To do: For the data below, retype word for word the lines from the one containing "Anggota parlemen Jepang" through the one containing "当我们在浏览朋友圈的时候,如"; drop the pictures.

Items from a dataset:
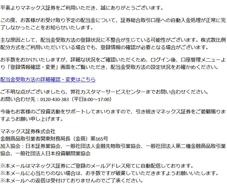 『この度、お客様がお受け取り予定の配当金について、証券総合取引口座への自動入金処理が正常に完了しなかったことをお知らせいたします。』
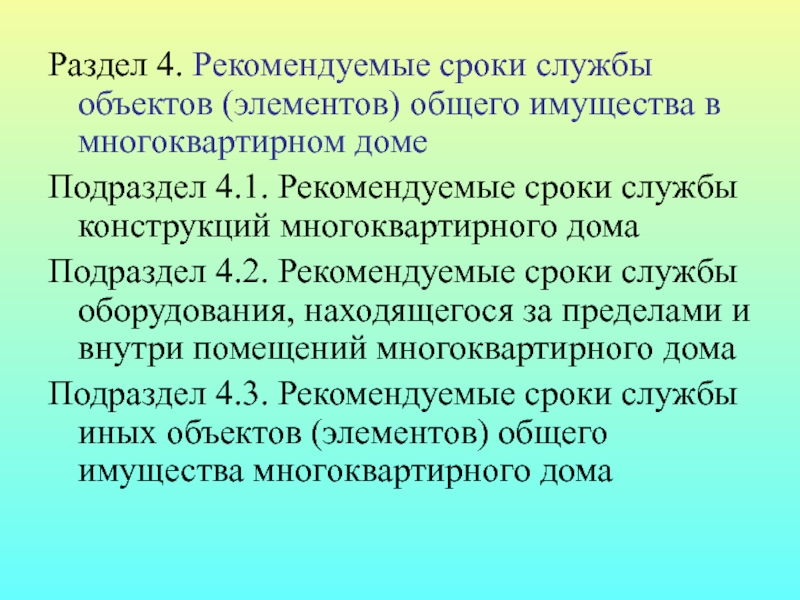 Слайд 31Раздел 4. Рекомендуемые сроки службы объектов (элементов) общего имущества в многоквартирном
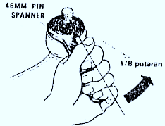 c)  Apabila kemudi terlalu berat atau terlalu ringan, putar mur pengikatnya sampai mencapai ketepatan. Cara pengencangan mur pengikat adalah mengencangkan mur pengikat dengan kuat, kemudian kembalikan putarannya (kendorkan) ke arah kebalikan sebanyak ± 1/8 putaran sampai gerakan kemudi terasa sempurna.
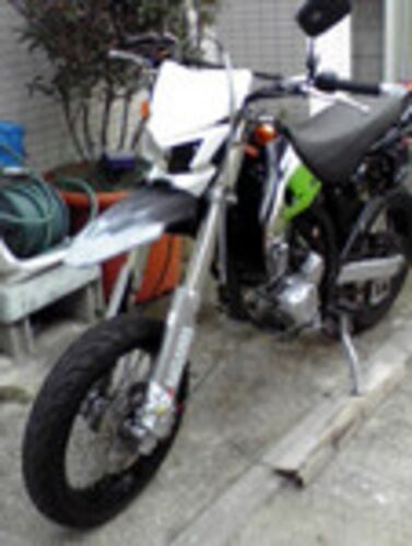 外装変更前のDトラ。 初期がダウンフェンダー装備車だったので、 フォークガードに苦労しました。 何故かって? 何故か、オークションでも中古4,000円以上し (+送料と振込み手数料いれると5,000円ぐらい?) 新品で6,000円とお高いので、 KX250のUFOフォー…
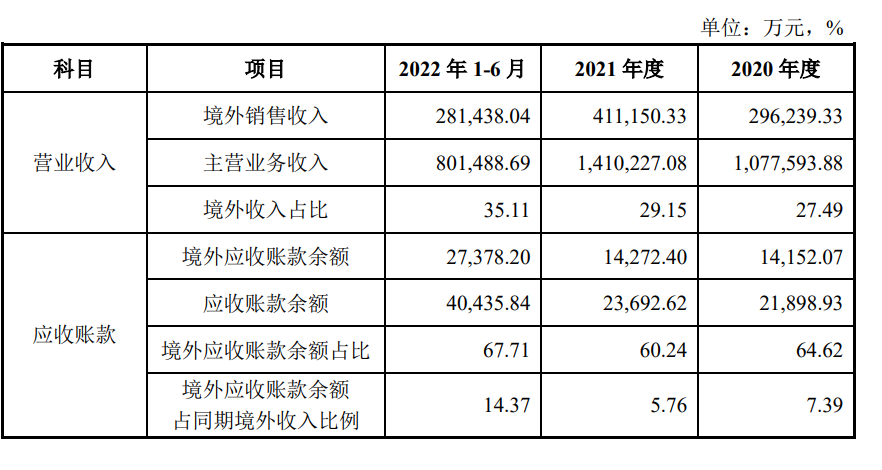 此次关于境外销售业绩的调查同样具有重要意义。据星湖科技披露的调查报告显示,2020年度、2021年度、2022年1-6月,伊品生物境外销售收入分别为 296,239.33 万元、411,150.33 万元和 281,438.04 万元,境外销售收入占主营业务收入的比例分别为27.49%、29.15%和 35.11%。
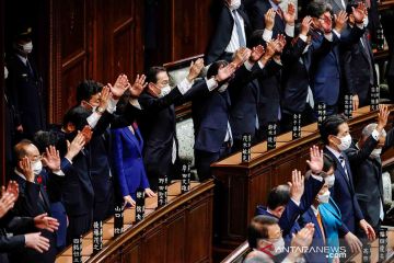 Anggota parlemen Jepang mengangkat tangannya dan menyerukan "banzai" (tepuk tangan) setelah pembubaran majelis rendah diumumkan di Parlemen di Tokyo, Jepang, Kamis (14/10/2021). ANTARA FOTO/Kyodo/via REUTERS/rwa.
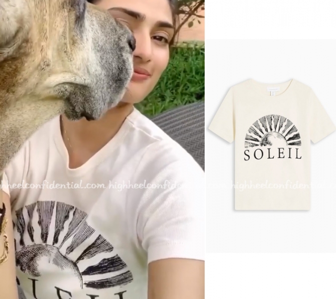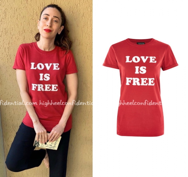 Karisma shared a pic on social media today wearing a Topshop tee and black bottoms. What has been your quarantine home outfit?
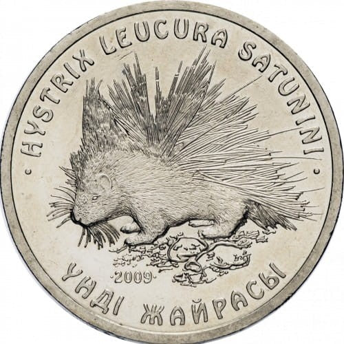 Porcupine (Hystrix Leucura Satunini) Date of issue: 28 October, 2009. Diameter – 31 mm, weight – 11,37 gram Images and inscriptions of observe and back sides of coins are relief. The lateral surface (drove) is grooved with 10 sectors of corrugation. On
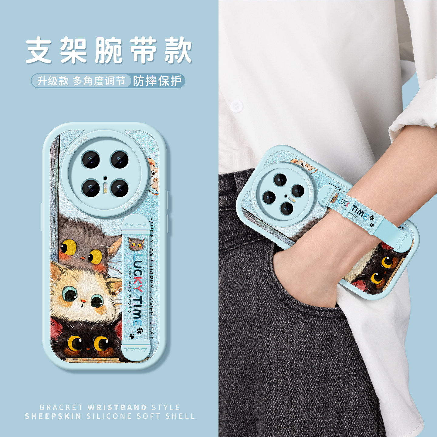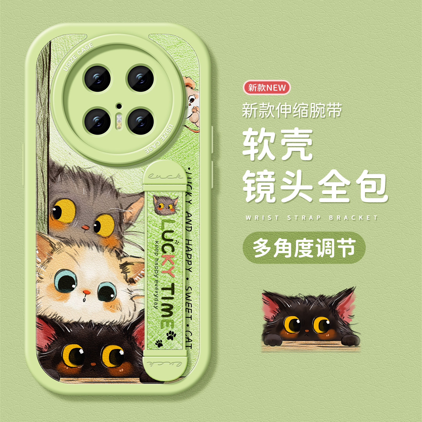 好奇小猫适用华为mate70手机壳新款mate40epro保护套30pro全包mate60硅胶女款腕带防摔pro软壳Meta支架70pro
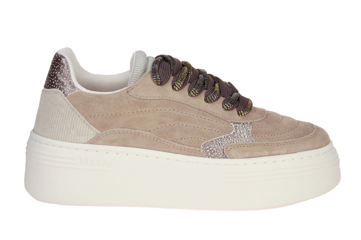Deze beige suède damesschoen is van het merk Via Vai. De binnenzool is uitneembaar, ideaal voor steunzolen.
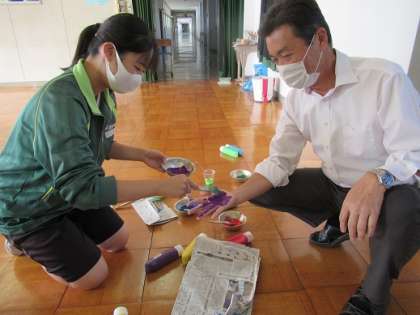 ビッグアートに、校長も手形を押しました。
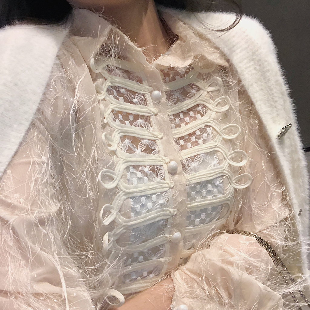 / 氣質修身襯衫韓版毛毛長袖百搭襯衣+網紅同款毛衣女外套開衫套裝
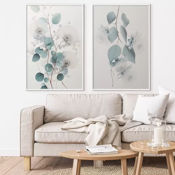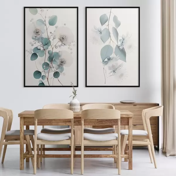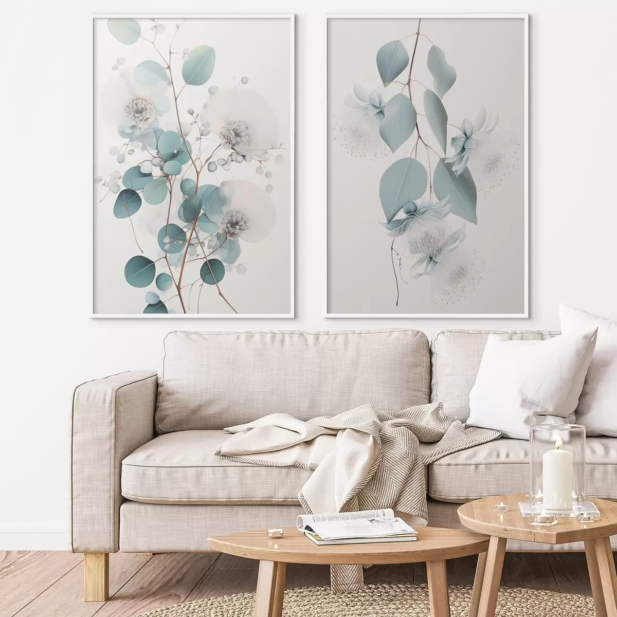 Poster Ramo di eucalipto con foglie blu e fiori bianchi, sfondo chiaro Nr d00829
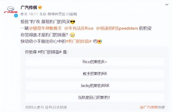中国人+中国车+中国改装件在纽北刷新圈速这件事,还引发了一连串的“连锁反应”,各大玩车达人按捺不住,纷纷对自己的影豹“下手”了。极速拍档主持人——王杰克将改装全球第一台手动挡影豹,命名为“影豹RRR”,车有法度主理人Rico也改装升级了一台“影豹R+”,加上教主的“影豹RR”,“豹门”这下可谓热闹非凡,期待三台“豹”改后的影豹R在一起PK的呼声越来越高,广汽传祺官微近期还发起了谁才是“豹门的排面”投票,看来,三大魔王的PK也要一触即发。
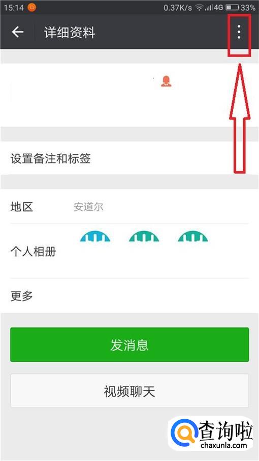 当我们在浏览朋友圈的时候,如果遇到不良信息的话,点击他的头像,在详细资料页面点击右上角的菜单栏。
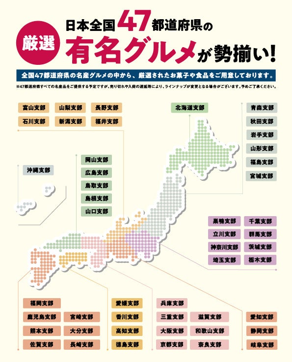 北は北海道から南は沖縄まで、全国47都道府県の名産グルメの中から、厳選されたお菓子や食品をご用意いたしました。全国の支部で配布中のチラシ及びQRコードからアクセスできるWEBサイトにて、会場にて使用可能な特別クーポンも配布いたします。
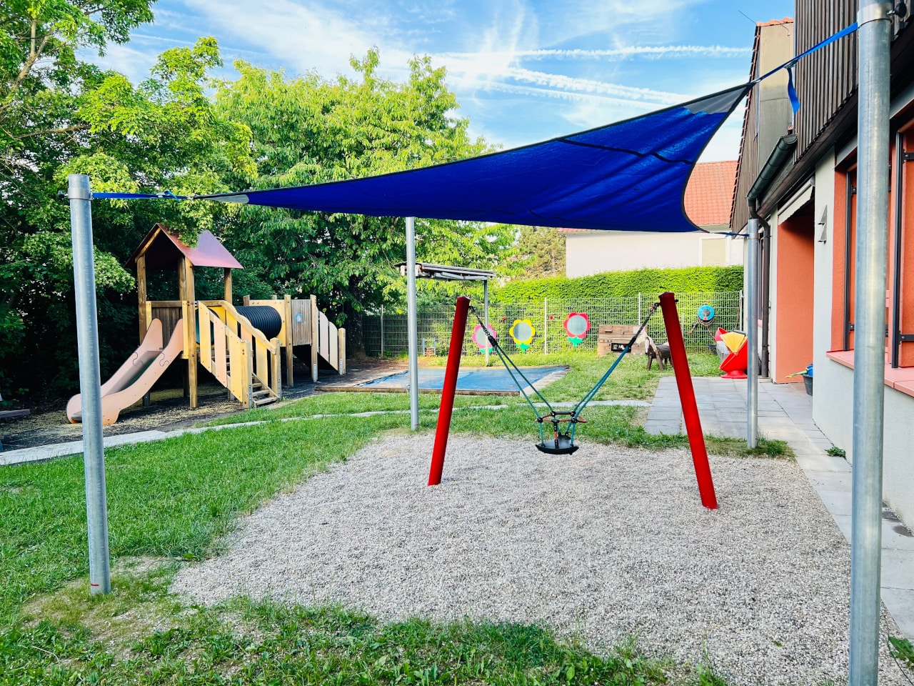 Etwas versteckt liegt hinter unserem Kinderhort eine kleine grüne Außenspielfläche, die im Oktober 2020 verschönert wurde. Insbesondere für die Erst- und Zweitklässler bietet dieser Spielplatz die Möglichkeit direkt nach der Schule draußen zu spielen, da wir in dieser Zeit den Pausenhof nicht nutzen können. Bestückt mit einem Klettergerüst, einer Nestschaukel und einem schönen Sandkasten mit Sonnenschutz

Exercise solution:
 Anggota parlemen Jepang mengangkat tangannya dan menyerukan "banzai" (tepuk tangan) setelah pembubaran majelis rendah diumumkan di Parlemen di Tokyo, Jepang, Kamis (14/10/2021). ANTARA FOTO/Kyodo/via REUTERS/rwa.
 Karisma shared a pic on social media today wearing a Topshop tee and black bottoms. What has been your quarantine home outfit?
 Porcupine (Hystrix Leucura Satunini) Date of issue: 28 October, 2009. Diameter – 31 mm, weight – 11,37 gram Images and inscriptions of observe and back sides of coins are relief. The lateral surface (drove) is grooved with 10 sectors of corrugation. On
 好奇小猫适用华为mate70手机壳新款mate40epro保护套30pro全包mate60硅胶女款腕带防摔pro软壳Meta支架70pro
Deze beige suède damesschoen is van het merk Via Vai. De binnenzool is uitneembaar, ideaal voor steunzolen.
 ビッグアートに、校長も手形を押しました。
 / 氣質修身襯衫韓版毛毛長袖百搭襯衣+網紅同款毛衣女外套開衫套裝
 Poster Ramo di eucalipto con foglie blu e fiori bianchi, sfondo chiaro Nr d00829
中国人+中国车+中国改装件在纽北刷新圈速这件事,还引发了一连串的“连锁反应”,各大玩车达人按捺不住,纷纷对自己的影豹“下手”了。极速拍档主持人——王杰克将改装全球第一台手动挡影豹,命名为“影豹RRR”,车有法度主理人Rico也改装升级了一台“影豹R+”,加上教主的“影豹RR”,“豹门”这下可谓热闹非凡,期待三台“豹”改后的影豹R在一起PK的呼声越来越高,广汽传祺官微近期还发起了谁才是“豹门的排面”投票,看来,三大魔王的PK也要一触即发。
 当我们在浏览朋友圈的时候,如果遇到不良信息的话,点击他的头像,在详细资料页面点击右上角的菜单栏。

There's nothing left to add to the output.